It’s Not Your Usual Hospital Advertising Target Audience. So What is Dana-Farber Cancer Institute’s Ad Campaign Up To?

As published in strategichcmarketing.com, by Peter Hochstein

Excerpts of article’s key points.

The Dana-Farber Cancer Institute treats 22,000 new patients every year and sees a total of about 76,500 patients annually, mostly on an outpatient basis. The advertising, more science-oriented than most of the hospital advertising you’ll see in general consumer media, talks about Dana-Farber’s role in discovering PD-L1, a protein that blocks the immune system from attacking cancer cells — which led to the subsequent growth of immunotherapy in treating cancer around the world.

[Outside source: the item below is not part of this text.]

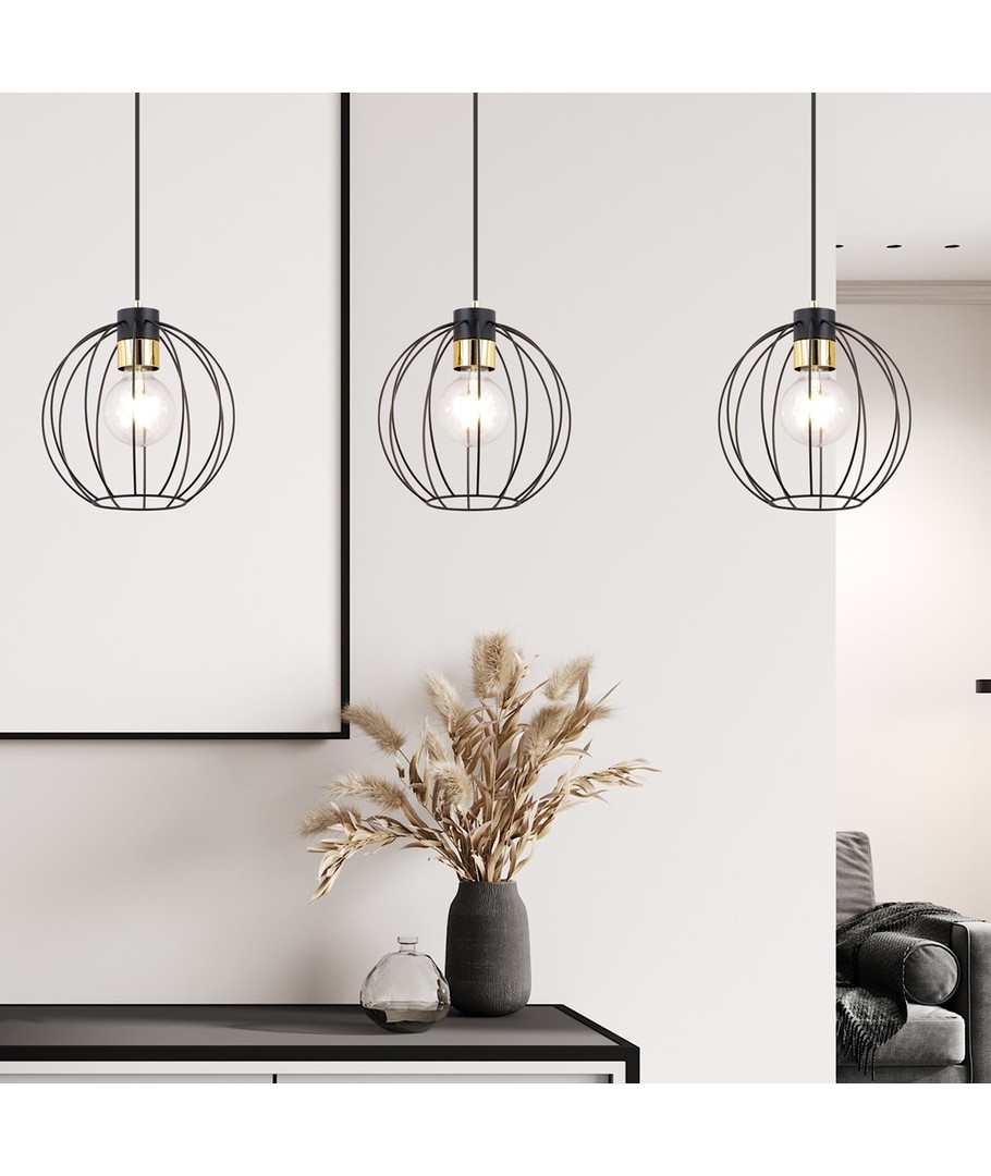 Gi ditt hjem en moderne og sofistikert oppdatering med denne nydelige pendellampen. Med en lekker sort og gull finish, passer den perfekt inn i enhver innredning, enten det er over spisebordet, i stuen eller på kjøkkenet.

“More than most academic medical centers, we have a very large research enterprise as well,” says Steven Singer, Dana-Farber’s senior vice president for communications. He added a bit later in the conversation, “Brand recognition and brand strength are the wind at our backs for all that we do. We think it will help to lead to more partnerships and collaborations all around the country. And it will help us recruit the best faculty and staff.”

The advertising is “trying to actively engage people who pay attention to the kinds of things we do,” says Singer. According to Donna Lee Ubertalli, Dana-Farber’s vice president of marketing, to reach these folks, the hospital works with “a fairly small budget.” (The specific amount is also proprietary.) Because of the small budget, she says, the media where the advertising appears is “highly targeted toward people interested in health care, biomedical research, public affairs, that sort of thing.”

“We knew that for our audience in particular, a formulaic doctor in a lab coat wasn’t going to break through,” says Andy Semons, founder and strategic planning partner of IPNY, the “brand positioning and messaging company” in New York City that created the advertising. “We needed to take a risk. We needed to say things a little bit differently. We found a narrative style where it was all the same story, but we had different people pick up where the other left off. It was that technique, plus a very tight narrative and really well-written copy that kind of made it sing in this case.”

Print ads also appear in newspapers where readers “go to get information,” says Ubertalli. “Like the New York Times and the Wall Street Journal,” Singer says. The advertising can also be heard during some “very focused podcasts” that Ubertalli says are targeted to the same audience as the broadcast and print advertising.

The campaign, which launched late in October 2019, is scheduled to run at least until the spring of 2020. The Dana-Farber marketing people have already done a benchmark attitude and awareness study, says Ubertalli, but results were not expected until well after this story’s deadline date. But Ubertalli says, “What we’re seeing is our web traffic has been increasing in these areas, so the signs are positive.”